The Berlinale film festival ended on Saturday evening with a gala, but if you read the German press, it was actually a “scandal”. The speeches were “alarming”, “shameful”, and “frightening”, full of “Israel hatred” and “antisemitism”. What had happened?

Yuval Abraham and Basel Adra, an Israeli and a Palestinian, won an award for their documentary film No Other Land. Abraham spoke for just 36 seconds:

In two days, we will go back to a land where we are not equal. I am living under a civilian law, and Basel is under military law. We live 30 minutes from one another, but I have voting rights, and Basel is not having voting rights. I am free to move where I want in this land. Basel is, like millions of Palestinians, locked in the occupied West Bank. This situation of apartheid between us, this inequality, it has to end.

His co-producer Adra took just 21 seconds:

I’m here celebrating the award, but also very hard for me to celebrate when there are tens of thousands of my people being slaughtered and massacred by Israel in Gaza. Masafer Yatta, my community, is being also razed by Israeli bulldozers. I ask one thing from Germany, as I am in Berlin here, to respect the UN calls and stop sending weapons to Israel.

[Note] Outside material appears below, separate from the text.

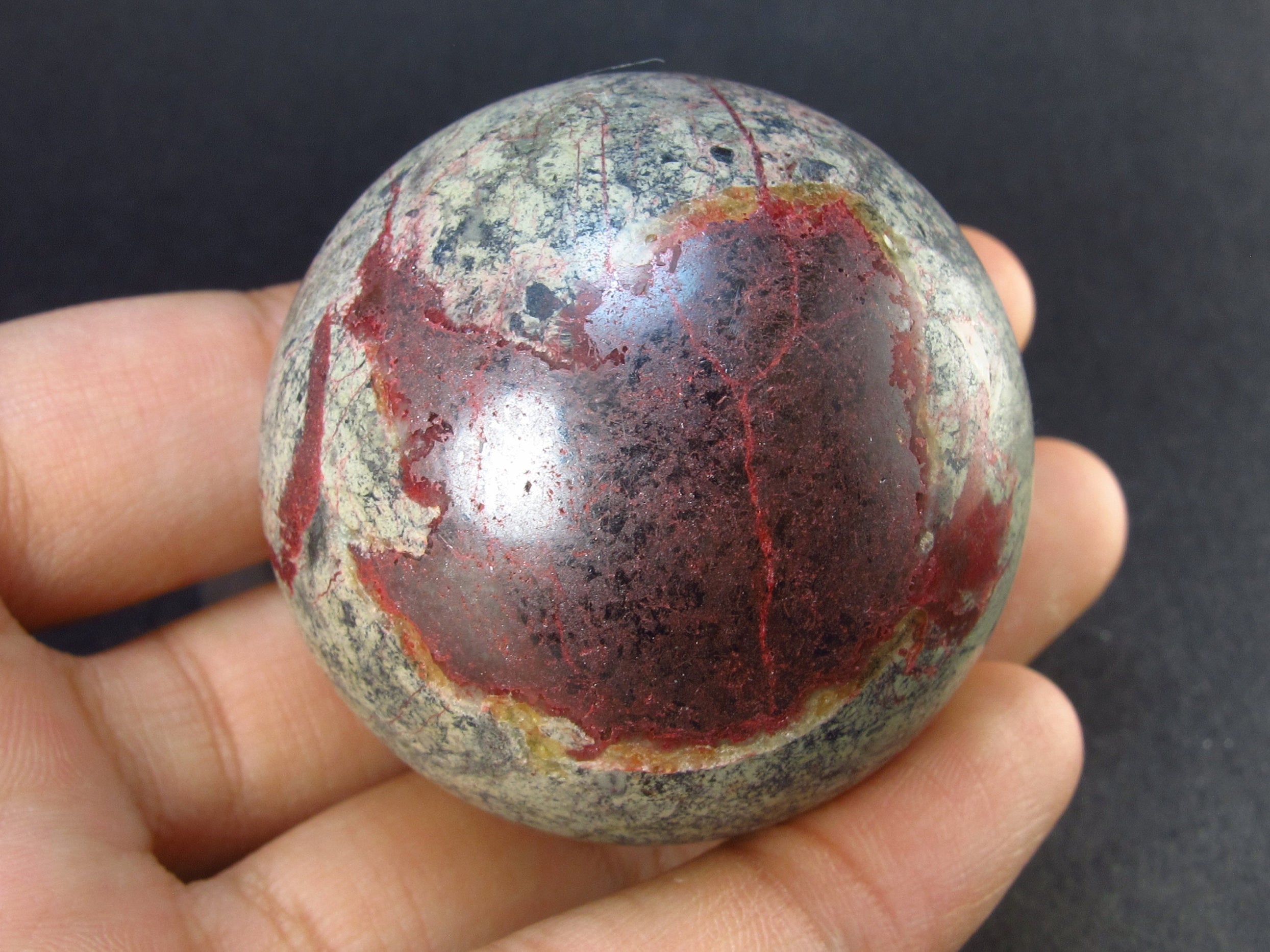 This is a very nice large and rare Cinnabar sphere made from solid Cinnabar from Spain.

These are sober statements of liberal democratic principles. Who would dare to contradict? Should systematic inequality based on ethnicity (known in international law as “apartheid”) continue? Should Germany keep ignoring UN resolutions?

An Israeli and a Palestinian stood together against the militaristic logic of both Likud and Hamas. It’s an inspiring message – yet I have not found a single German publication that has quoted them in full.

Rather than engaging in debate, German politicians are demanding censorship. Olaf Scholz and his top cultural bureaucrat Claudia Roth each called the speeches “shockingly one-sided”. Justice minister Marco Buschmann called for “criminal consequences”. Even Anne Helm of the Left Party declared that “a line has been crossed”.

Berlin’s mayor Kai Wegner called this an “unacceptable relativization” and declared that “there is no space for antisemitism in Berlin, and that also applies to the art scene.” This is the same Wegner who just two weeks ago said the AfD will be included in future editions of the Berlinale. The politicians of the in some federal states officially far right party had been disinvited following protests, but the mayor is demanding “equal treatment” for them. In other words, for Wegner, literal far right politicians are OK, but critical Israelis are not welcome.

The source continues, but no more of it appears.